Differentialdiagnose

Die Diagnose sollte von folgenden Symptomen unterschieden werden:

1. Das Zittern beider Hände kann nicht als Parkinson-Krankheit diagnostiziert werden, wenn die Hände mit beiden Händen geschüttelt werden. Es gibt viele Gründe, warum beide Hände zittern. Wir sollten zuerst verstehen, dass es viele Arten von Zittern gibt.

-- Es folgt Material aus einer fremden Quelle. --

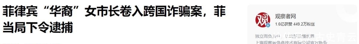 34. 观察者网:菲律宾“华裔”女市长卷入跨国诈骗案,菲当局下令逮捕 2024-07-15

Entsprechend der Beziehung zwischen Zittern und freiwilliger Bewegung kann Zittern in die folgenden Kategorien unterteilt werden: statisches Zittern, Haltungszittern, absichtliches Zittern und andere Zittern.

2. Die Zweihandrotation bei ungünstigen Händen und die Zweihandrotation ist aufgrund der Symptome beider Hände, die durch ADHS, hereditäre Ataxie, Polyneuritis, Ataxie und fortschreitende hypertrophe interstitielle Neuritis verursacht werden, ungünstig. Unbeholfene klinische Symptome.

Die normale Bewegung des menschlichen Körpers ist das Gleichgewicht und die Koordination der Bewegung im zerebralen Kortexmotorikbereich, dem basalen Kortexkern, dem vestibulären Labyrinthsystem, dem tiefen Sinn und dem Sehen und wird als gegenseitige Hilfsbewegung bezeichnet. Die Läsionen dieser Strukturen führen zu Koordinationsstörungen, die als Ataxie bezeichnet werden.